◆ **Task directions**
Below are some records; output exactly the lines from the line with "Миксер оснащён 2-мя" to the line with "Black Taekwondo Sidekick", both ends kept, and nothing more.

◆ **Extracted information**
%%

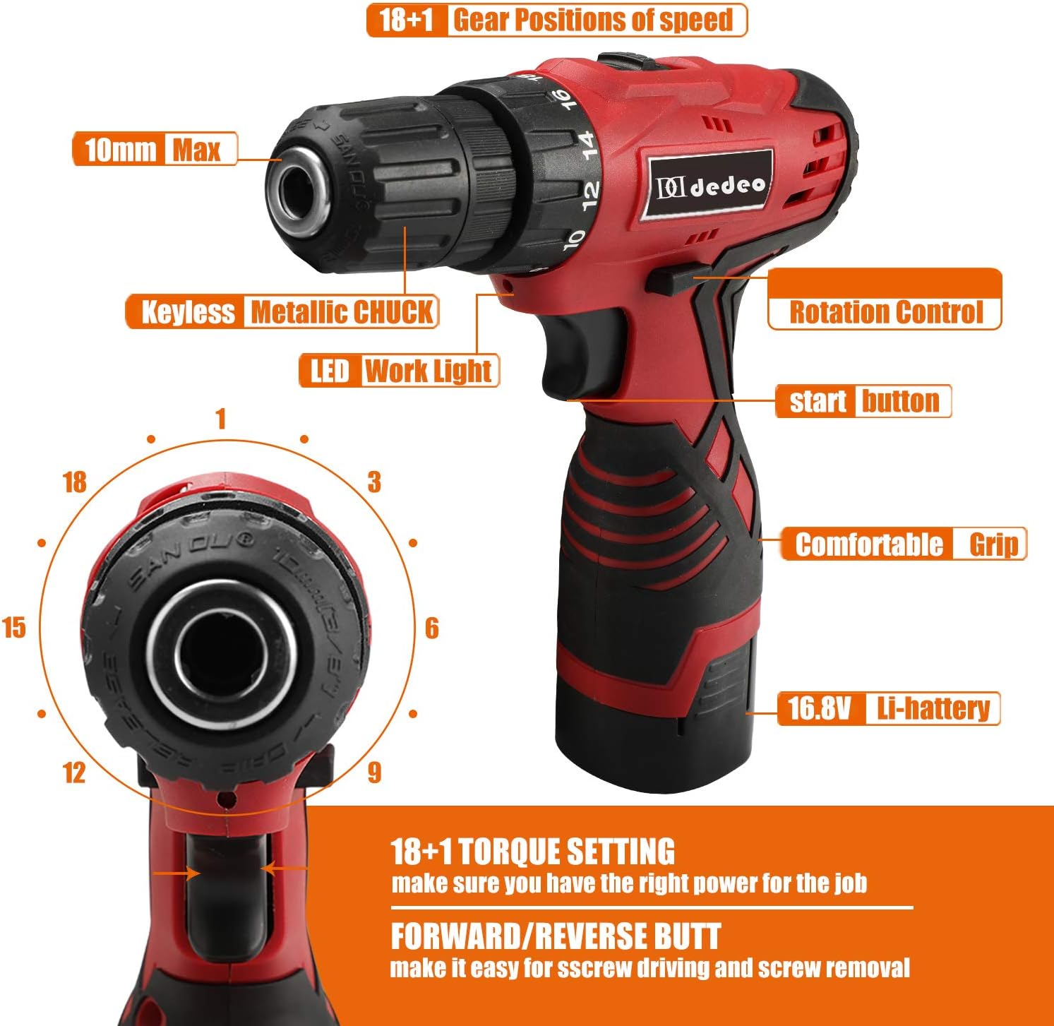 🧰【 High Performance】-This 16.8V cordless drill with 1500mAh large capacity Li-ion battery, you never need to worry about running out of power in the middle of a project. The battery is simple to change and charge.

%%
%%

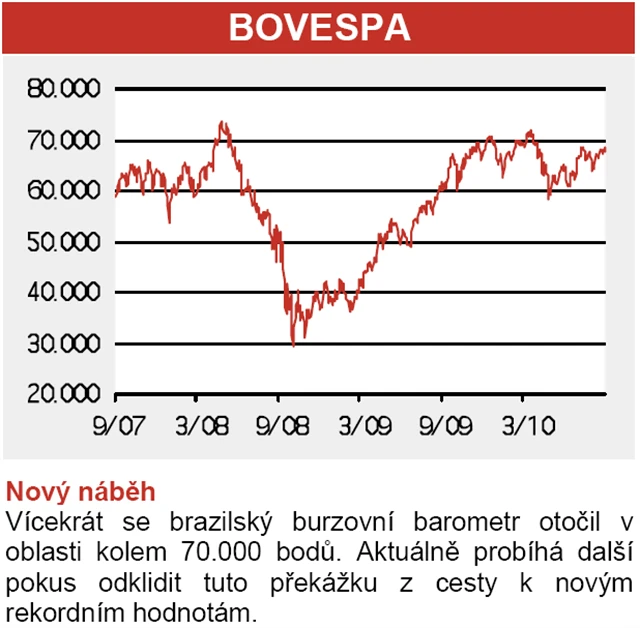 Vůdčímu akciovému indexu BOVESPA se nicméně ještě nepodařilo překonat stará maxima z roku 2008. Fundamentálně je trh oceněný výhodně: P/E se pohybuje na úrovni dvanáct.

%%
%%

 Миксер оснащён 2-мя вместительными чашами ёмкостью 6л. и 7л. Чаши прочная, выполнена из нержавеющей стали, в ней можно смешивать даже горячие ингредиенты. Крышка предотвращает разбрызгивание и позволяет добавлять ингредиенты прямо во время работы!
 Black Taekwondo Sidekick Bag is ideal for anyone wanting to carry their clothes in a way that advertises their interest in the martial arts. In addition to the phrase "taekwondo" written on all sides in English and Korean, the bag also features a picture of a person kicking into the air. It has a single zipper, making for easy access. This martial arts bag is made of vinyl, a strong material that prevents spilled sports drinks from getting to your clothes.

%%

◆ **Worked solution**
 Миксер оснащён 2-мя вместительными чашами ёмкостью 6л. и 7л. Чаши прочная, выполнена из нержавеющей стали, в ней можно смешивать даже горячие ингредиенты. Крышка предотвращает разбрызгивание и позволяет добавлять ингредиенты прямо во время работы!
 Black Taekwondo Sidekick Bag is ideal for anyone wanting to carry their clothes in a way that advertises their interest in the martial arts. In addition to the phrase "taekwondo" written on all sides in English and Korean, the bag also features a picture of a person kicking into the air. It has a single zipper, making for easy access. This martial arts bag is made of vinyl, a strong material that prevents spilled sports drinks from getting to your clothes.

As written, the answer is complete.